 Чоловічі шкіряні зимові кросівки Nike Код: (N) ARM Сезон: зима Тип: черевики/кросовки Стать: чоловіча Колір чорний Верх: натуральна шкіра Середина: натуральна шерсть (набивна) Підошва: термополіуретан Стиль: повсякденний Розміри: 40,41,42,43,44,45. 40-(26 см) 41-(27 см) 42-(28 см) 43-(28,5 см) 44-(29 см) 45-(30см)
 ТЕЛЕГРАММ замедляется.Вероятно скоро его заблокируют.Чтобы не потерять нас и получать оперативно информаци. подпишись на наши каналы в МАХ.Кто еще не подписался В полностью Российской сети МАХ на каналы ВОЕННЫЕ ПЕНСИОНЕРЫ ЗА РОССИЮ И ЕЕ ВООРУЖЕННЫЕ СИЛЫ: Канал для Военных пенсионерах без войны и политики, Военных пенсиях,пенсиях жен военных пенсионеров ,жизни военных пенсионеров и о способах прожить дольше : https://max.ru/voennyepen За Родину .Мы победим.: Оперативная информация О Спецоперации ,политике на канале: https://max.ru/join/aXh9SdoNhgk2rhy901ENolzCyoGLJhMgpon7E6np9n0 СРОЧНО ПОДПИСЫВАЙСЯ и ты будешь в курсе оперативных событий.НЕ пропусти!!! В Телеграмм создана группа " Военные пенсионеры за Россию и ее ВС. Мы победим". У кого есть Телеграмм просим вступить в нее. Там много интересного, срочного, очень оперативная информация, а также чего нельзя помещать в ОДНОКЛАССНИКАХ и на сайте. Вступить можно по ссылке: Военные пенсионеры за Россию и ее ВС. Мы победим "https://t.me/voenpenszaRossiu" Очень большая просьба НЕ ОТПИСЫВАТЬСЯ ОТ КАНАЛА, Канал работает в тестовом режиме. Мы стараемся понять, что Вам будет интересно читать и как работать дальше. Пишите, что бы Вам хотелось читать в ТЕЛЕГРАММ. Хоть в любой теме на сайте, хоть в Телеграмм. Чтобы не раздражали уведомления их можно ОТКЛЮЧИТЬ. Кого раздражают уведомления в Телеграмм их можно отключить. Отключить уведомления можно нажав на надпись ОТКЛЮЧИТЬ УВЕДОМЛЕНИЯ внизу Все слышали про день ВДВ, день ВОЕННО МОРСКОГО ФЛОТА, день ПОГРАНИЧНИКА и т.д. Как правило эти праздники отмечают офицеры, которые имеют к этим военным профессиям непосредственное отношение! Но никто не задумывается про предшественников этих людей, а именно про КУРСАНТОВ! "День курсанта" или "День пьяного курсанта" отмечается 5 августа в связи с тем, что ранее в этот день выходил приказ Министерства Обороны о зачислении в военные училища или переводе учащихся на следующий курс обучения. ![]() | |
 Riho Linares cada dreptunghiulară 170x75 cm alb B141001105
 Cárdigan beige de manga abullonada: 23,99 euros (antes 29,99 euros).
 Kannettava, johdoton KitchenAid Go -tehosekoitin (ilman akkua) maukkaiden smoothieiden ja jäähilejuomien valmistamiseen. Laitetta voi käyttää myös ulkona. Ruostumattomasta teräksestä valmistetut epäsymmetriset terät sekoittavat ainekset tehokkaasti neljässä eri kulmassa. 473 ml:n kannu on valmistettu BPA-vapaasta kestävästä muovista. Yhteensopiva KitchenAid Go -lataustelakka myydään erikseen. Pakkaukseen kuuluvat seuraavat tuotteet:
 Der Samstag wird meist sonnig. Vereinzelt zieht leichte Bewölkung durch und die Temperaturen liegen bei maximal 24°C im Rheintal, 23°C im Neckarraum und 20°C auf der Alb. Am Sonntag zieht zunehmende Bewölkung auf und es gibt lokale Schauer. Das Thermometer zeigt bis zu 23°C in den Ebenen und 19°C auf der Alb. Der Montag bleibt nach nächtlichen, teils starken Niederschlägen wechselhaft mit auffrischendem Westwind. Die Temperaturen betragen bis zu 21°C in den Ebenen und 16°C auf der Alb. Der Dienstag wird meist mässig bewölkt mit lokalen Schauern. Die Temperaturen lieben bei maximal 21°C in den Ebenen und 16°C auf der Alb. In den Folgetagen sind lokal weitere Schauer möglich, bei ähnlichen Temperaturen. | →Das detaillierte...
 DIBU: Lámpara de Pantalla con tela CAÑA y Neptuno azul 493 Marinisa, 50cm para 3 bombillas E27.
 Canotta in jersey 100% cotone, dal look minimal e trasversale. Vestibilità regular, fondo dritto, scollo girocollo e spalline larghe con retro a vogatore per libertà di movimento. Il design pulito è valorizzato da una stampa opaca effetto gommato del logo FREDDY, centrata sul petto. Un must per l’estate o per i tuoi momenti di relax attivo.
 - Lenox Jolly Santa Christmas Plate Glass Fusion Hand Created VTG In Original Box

|---|

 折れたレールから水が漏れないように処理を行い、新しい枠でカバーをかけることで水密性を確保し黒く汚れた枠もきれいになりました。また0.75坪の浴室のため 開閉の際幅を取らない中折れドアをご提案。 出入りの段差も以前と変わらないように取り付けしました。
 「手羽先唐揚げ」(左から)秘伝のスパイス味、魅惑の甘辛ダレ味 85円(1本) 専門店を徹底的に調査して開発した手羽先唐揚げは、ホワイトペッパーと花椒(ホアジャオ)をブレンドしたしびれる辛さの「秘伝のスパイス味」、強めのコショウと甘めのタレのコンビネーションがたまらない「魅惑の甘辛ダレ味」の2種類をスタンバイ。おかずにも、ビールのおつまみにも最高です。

|---|

• What is needed: Within the data above, the lines from the one with "DIBU: Lámpara de" to the one with "- Lenox Jolly" must be repeated exactly; no other line belongs in the answer.

• Response:
 DIBU: Lámpara de Pantalla con tela CAÑA y Neptuno azul 493 Marinisa, 50cm para 3 bombillas E27.
 Canotta in jersey 100% cotone, dal look minimal e trasversale. Vestibilità regular, fondo dritto, scollo girocollo e spalline larghe con retro a vogatore per libertà di movimento. Il design pulito è valorizzato da una stampa opaca effetto gommato del logo FREDDY, centrata sul petto. Un must per l’estate o per i tuoi momenti di relax attivo.
 - Lenox Jolly Santa Christmas Plate Glass Fusion Hand Created VTG In Original Box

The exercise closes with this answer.